Interesterification of a mixture of triacylglycerols (fats and oils)
This chemical reaction catalyzed by alkali produces a random distribution of ester groups within the triacylglycerol molecules.
As fatty acids are always present, even in small amounts, in the triacylglycerol pool of cell extracts, it can be necessary to eliminate these fatty acids to improve the triacylglycerol composition or to analyze the free fatty acid fraction. A simple procedure has been described for microalgal lipids but can be applied to any lipid extract (Paik MJ et al., J Chromatogr A 2009, 1216, 5917).
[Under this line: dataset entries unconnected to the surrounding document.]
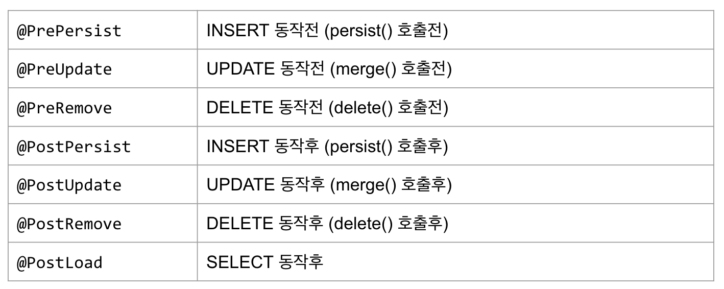 @PreUpdate // User 가 UPDATE 수행하기 전
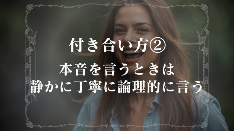 - 付き合い方②:本音を言うときは静かに丁寧に論理的に言う
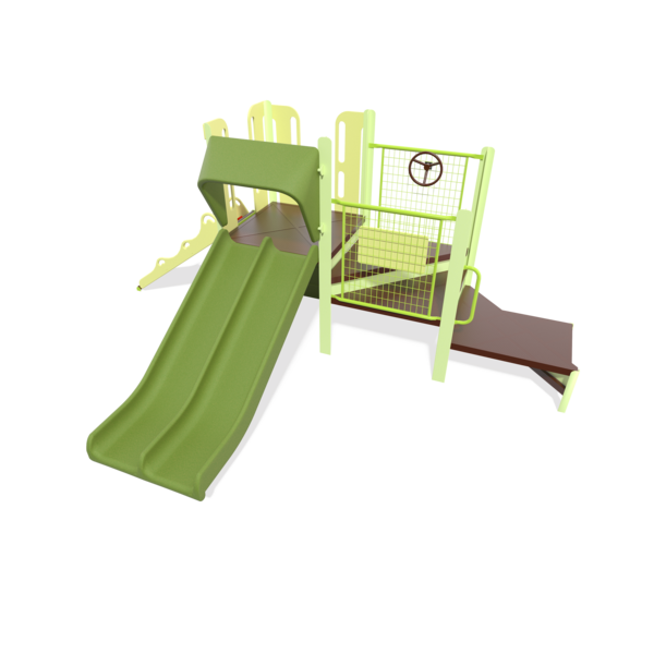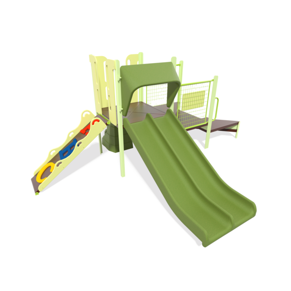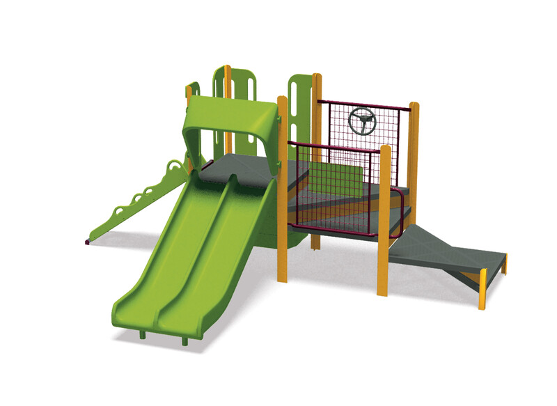 This is a fun playstructure for toddlers and preschoolers. They will enjoy climbing up and sliding down on these play events. This design is also available with other climber options, see Design 30.Features

Procedure : Solid sodium carbonate (60 mg) pre-wetted with 0.1M KOH (100ml) was added with an aliquot of a solution of triacylglycerols in toluene containing free fatty acids. The triacylglycerol fraction was then extracted with 2-ml volumes of dichloromethane/hexane (1/4, vol/vol), (three times) by vortex-mixing and each extract was decanted by brief centrifugation. After solvent evaporation, the residue was tansmethylated for GLC analysis. The free fatty acids adsorbed to the solid sodium carbonate were recovered by acidification (to pH <2) of the particles with 6M HCl and then extracting with three successive 2 ml volumes of dichloromethane/hexane mixture, with vigorous vortex-mixing before each extraction. The combined extracts were dried over anhydrous Na2SO4 and were subjected to derivatization for further analysis. The pre-wetted sodium carbonate showed strong affinity toward the polar lipids, including phosphatidic acid, phosphatidylglycerol, lysophosphatidic acid, and monogalactosyl diglyceride.
Enzymatic and fluorometric determination of triacylglycerols in cow milk
Briefly, the access to the milk triacylglycerols is mediated by moderate heat treatment, detergents and the addition of phospholipase C. Triacylglycerol molecules are hydrolysed by lipoprotein lipase and lipase to free fatty acids and glycerol. The glycerol unit is subsequently oxidised by glycerol dehydrogenase to dihydroxy acetone, and the cofactor NAD+ is concomitantly reduced to NADH + H+. NADH + H+ equivalently reduces the non-fluorescent resazurin to resorufin mediated by the enzyme diaphorase. The developed resorufin is terminally estimated by its fluorescense compared with a standard curve (Larsen T et al., Food Chem 2011, 125, 1110).